Furthermore, the ongoing impact of Covid-19 on peoples’ livelihoods across all sectors will have an increasingly debilitating effect on their ability to buy healthy and affordable food. This will be particularly felt in underserved communities, where households can spend up to 80 per cent of their income on food, or where hundreds of millions are affected by the school closures that disrupt vital school feeding programmes, which can be a significant – and sometimes the only – source of nutrition for young children. In short, this means the reality of food and nutrition insecurity around the world could soon be on everyone’s plate.

It is critical, therefore, that the private sector, governments, international organisations and civil society come together to address the current and emerging health, economic, environmental and societal crises as they relate to the building of more resilient, healthy, sustainable and equitable food systems. In that respect, three sets of urgent actions are needed.

        1. Enhance the resilience and health of existing food systems

  • Stabilise access to, affordability and pricing of food for the population, particularly for the most vulnerable with a specific focus on support for women and the young.

  • Protect all consumers against lasting damage to their health by ensuring that immediate nutritional needs are met.

  • Secure strategic food reserves at country and regional levels.

  • Support open borders, green channels and regional food trade to facilitate supply and access to food for all, and enable longer-term investment into the sector.

  • Protect the immediate viability of small- and medium-sized businesses (SMEs) throughout the food chain.

    2. Enable recovery towards building up of healthy, sustainable, inclusive and efficient future food systems

  • Support the inclusion of strengthened food systems that are better placed to deliver healthy and more sustainably produced diets for all, as a critical pillar of national Covid-19 recovery plans and in planned stimulus packages.

  • Ensure greater equity of access to healthy diets is embedded more firmly into food system strategies going forward.

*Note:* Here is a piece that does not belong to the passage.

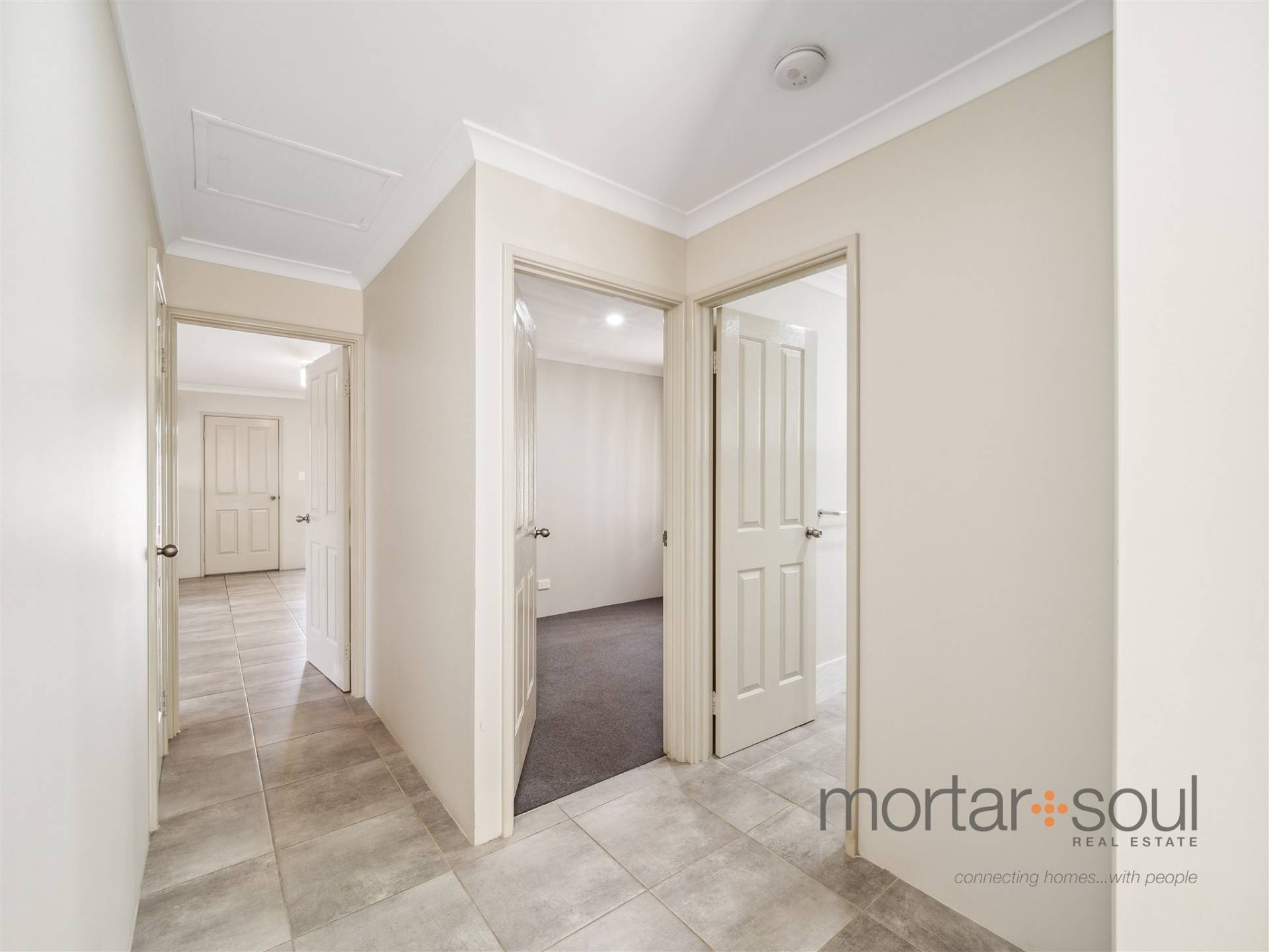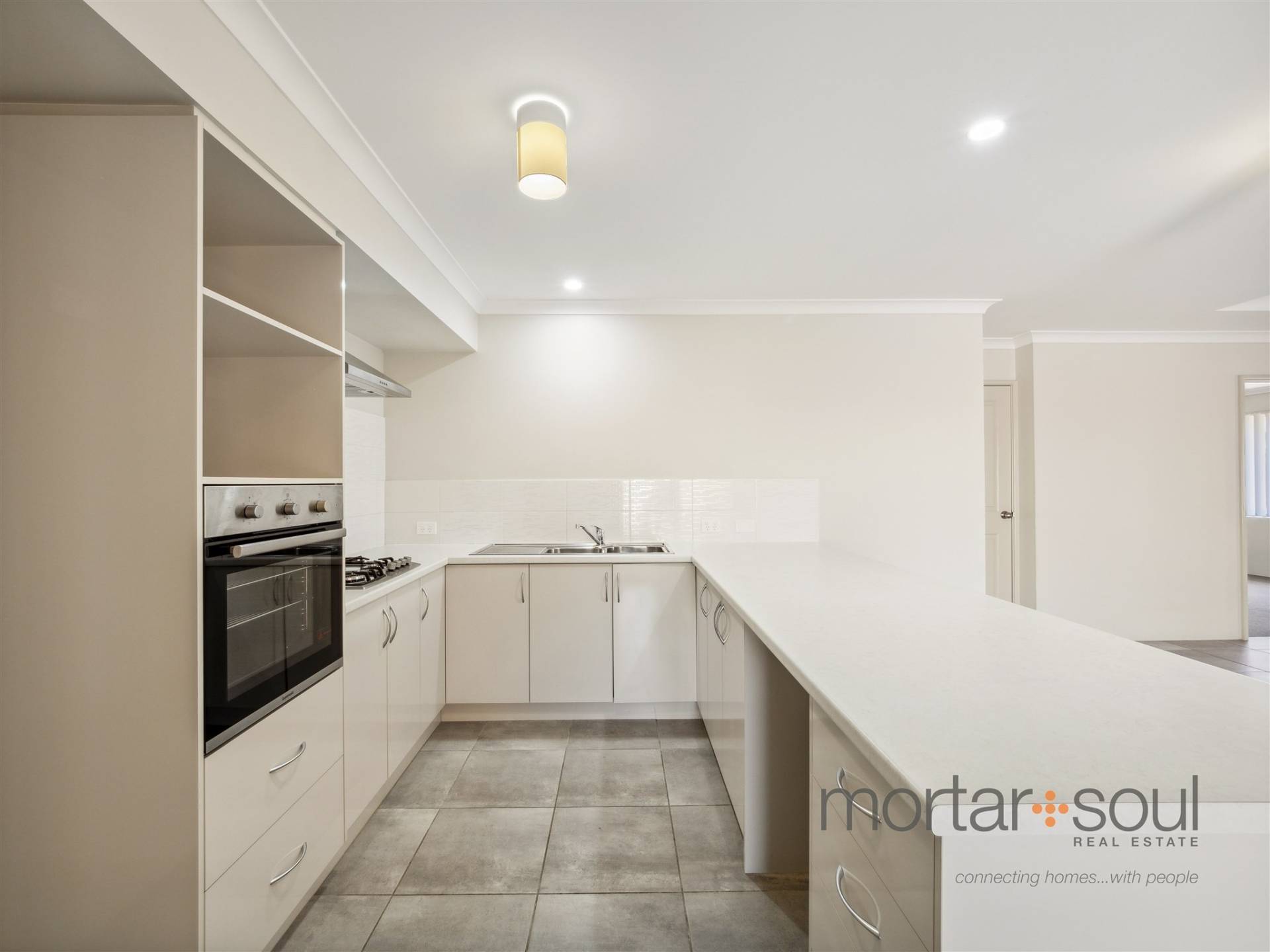 A welcoming front living room leads through to the open-plan dining and kitchen area, where a sense of flow and practicality is complemented by a breakfast bar, a corner storage pantry, double sinks, a microwave nook and excellent stainless-steel range-hood, gas-hotplate and under-bench-oven appliances.

  • Improve the ongoing technical capacity of the relevant authorities to build resilience against interrelated future shocks to food systems, and address the cross-sector nature of improved food systems management.

  • Support entrepreneurship throughout the food and agriculture value chain to advance economic transformation, growth and development amid the pandemic.

    3. Promote enablers, including finance, data and digitalisation, and public-private collaboration, as vital in unlocking resilience to and recovery from Covid-19’s impacts on food systems

  • Unlock, at scale, finance and de-risking measures to support cash-flow constrained SMEs in the food value chain most impacted by Covid-19.

  • Accelerate digital and data readiness through collaboration and by establishing national nerve centres/situation rooms to coordinate food-specific data flows that enable a more informed response to the pandemic.

  • Support the call for enhanced connectivity for rural areas, interoperability across information and communications technology (ICT) providers, including unlocking rural ICT access funds, and facilitate the provision to farmers with recognised unique digital identities to support inclusion, access to trusted data flows and the building of efficient farmer databases as we emerge from the crisis.

  • Promote cross-sector and cross-stakeholder collaboration to deliver resilient, better nourished, and more prosperous outcomes for all.

The Covid-19 pandemic has exposed the fragility of our food systems, and the extent of our reliance on them to deliver the nutrition we need. With those fragilities now clearly on everyone’s plate, how we come together to build food systems that are inclusive, sustainable, healthy and resilient to a range of shocks is more important than ever.

At the World Economic Forum, we are seeing a renewed commitment to multistakeholder action to solve this challenge – not just for the duration of the pandemic, but for the longer-term transition of food systems that is to come.

Sean de Cleene is a member of the executive committee and head of Future of Food at the World Economic Forum.

Lisa Sweet is head of Future of Protein, COVID Response, and Food-Health at the World Economic Forum.